Ce n’est pas une servitude,
c’est la véritable liberté,
c’est même la divine liberté.

L’être humain accompli
n’est pas un être fermé sur ses richesses,
mais un être de communion,
qui ne cesse de recevoir et de donner.
Le sur-homme, l’übermench de l’idéalisme allemand
nous savons où il nous a conduit :
à Auschwitz, à Dirhenau et à Dachau.

Le super-homme de l’être technologique
privé de repères éthiques,
ne fera pas mieux, s’il ne fait pas pire.

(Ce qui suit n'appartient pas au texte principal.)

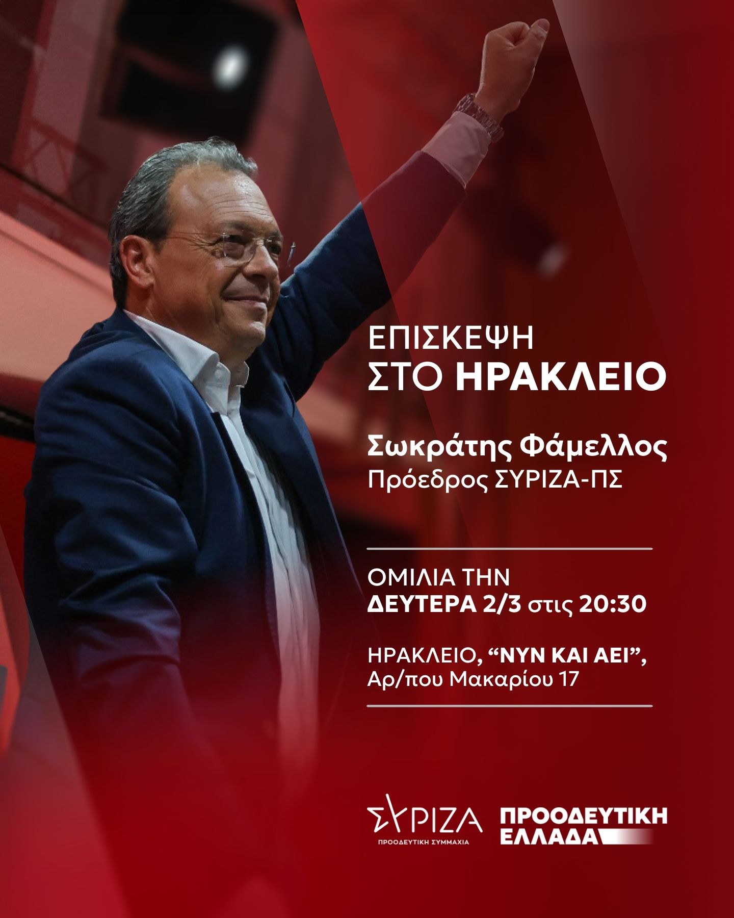Ο Πρόεδρος του ΣΥΡΙΖΑ-ΠΣ Σωκράτης Φάμελλος επισκέπτεται το Ηράκλειο τη Δευτέρα 02 Μαρτίου 2026 στα πλαίσια πολιτικών παρεμβάσεων με στόχο την οικοδόμηση μιας πλατιάς κοινωνικής και πολιτικής συμμαχίας για την «Προοδευτική Ελλάδα». Για μια Ελλάδα που θα σέβεται την αξιοπρέπεια των πολιτών στα πλαίσια μιας δικαιοκρατικής και δημοκρατικής αντίληψης άσκησης εξουσίας και απελευθέρωσης του δημιουργικού και αξιακού αποθέματος αυτού του τόπου.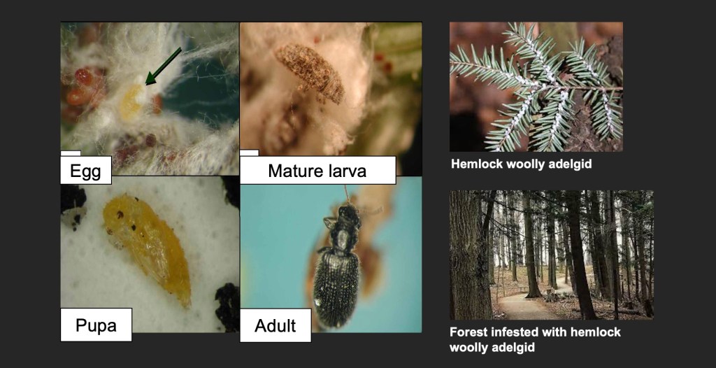 - Determined live cycle, fecundity, host synchrony and thermal development requirements of a beetle predator, Laricobius nigrinus (Coleoptera: Derodontidae) being evaluated for biological control of hemlock woolly adelgid, Adelges tsugae (Hemiptera: Adelgidae)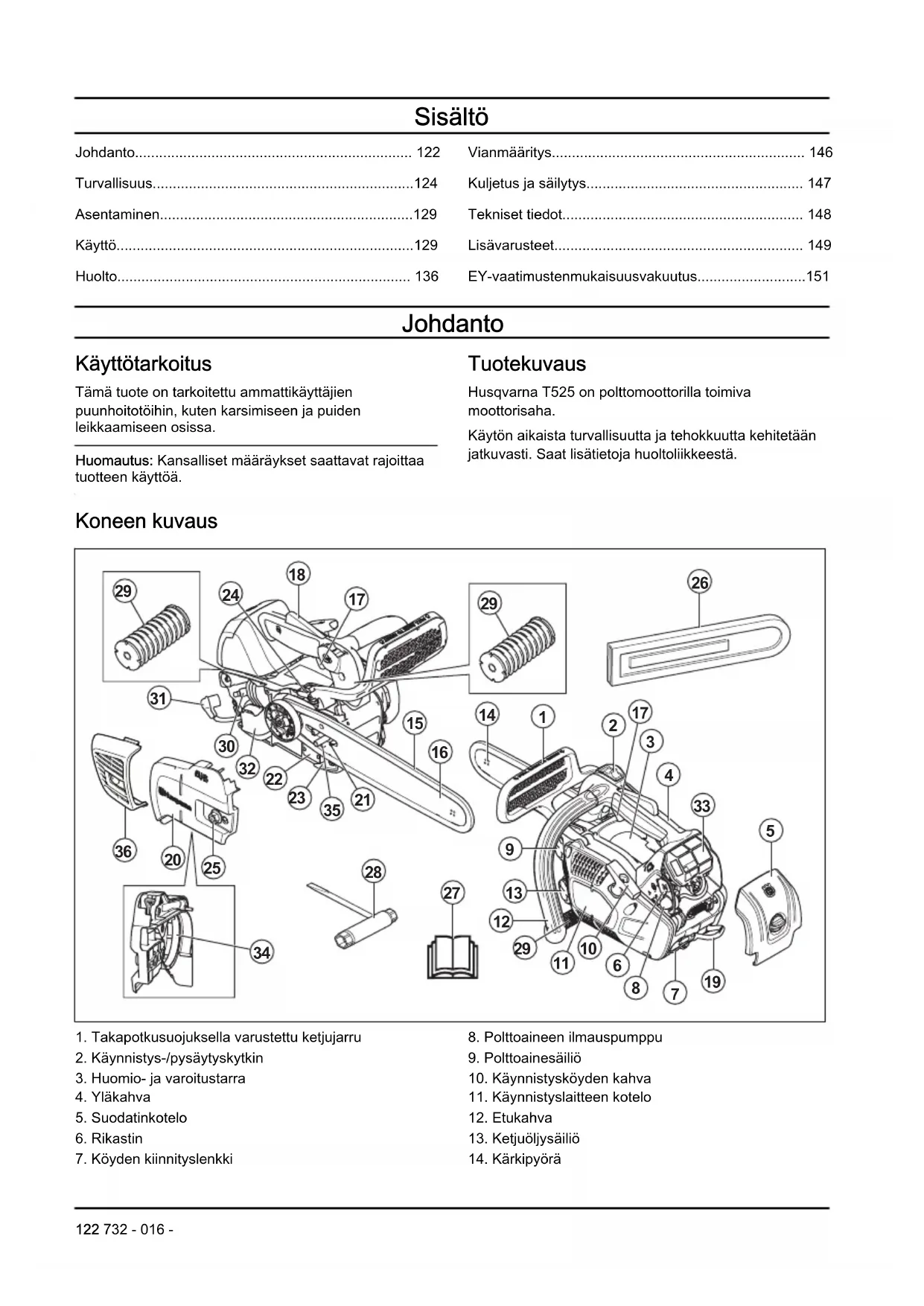 - EY-vaatimustenmukaisuusvakuutus Johdanto Käyttötarkoitus Tämä tuote on tarkoitettu ammattikäyttäjien puunhoitotöihin, kuten karsimiseen ja puiden leikkaamiseen osissa. Huomautus: Kansalliset määräykset saattavat rajoittaa tuotteen käyttöä. Tuotekuvaus Husqvarna T525 on polttomoottorilla toimiva moottorisaha. Käytön aikaista turvallisuutta ja tehokkuutta kehitetään jatkuvasti. Saat lisätietoja huoltoliikkeestä. Koneen kuvaus p. 151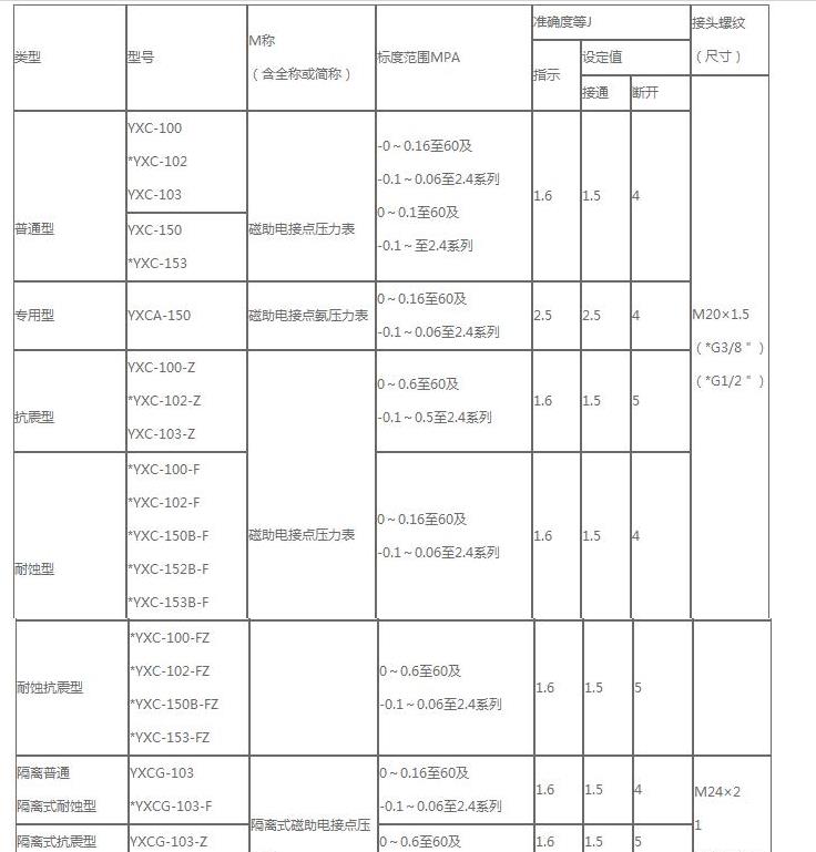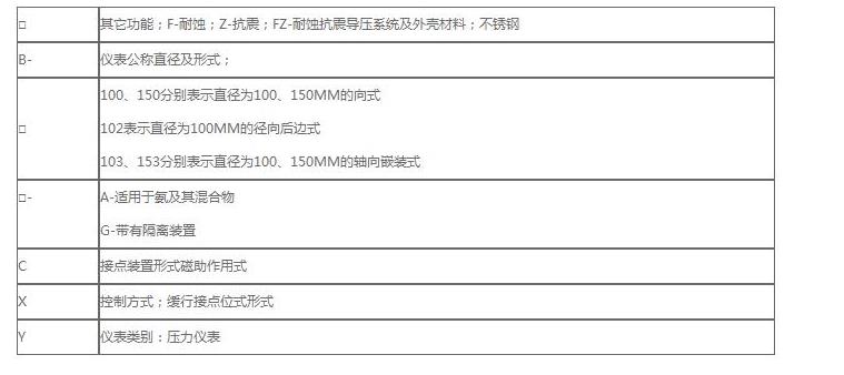 磁助電接點壓力表的型號標示

C’est pour cela que nous ne cesserons pas
de proclamer à la face du monde
que nous chrétiens,
nous ne connaissons et n’annonçons
nul autre salut,
nul autre bonheur,
qu’en Jésus crucifié,
scandale pour ceux qui réduisent la religion
à des lois et de la piété,
et folie pour ceux qui font de leur propre intelligence
la lumière ultime sur l’existence.

Si nous tenons fermes dans cette Bonne Nouvelle
qui dénonce l’erreur sans condamner quiconque,
alors nous serons ce que nous sommes :
la race choisie, le sacerdoce royal,
la nation sainte,
le peuple qui appartient à Dieu ;
le peuple chargé d’annoncer les merveilles
de Celui qui nous a appelés des ténèbres
à son admirable Lumière (1 Pi 2,9).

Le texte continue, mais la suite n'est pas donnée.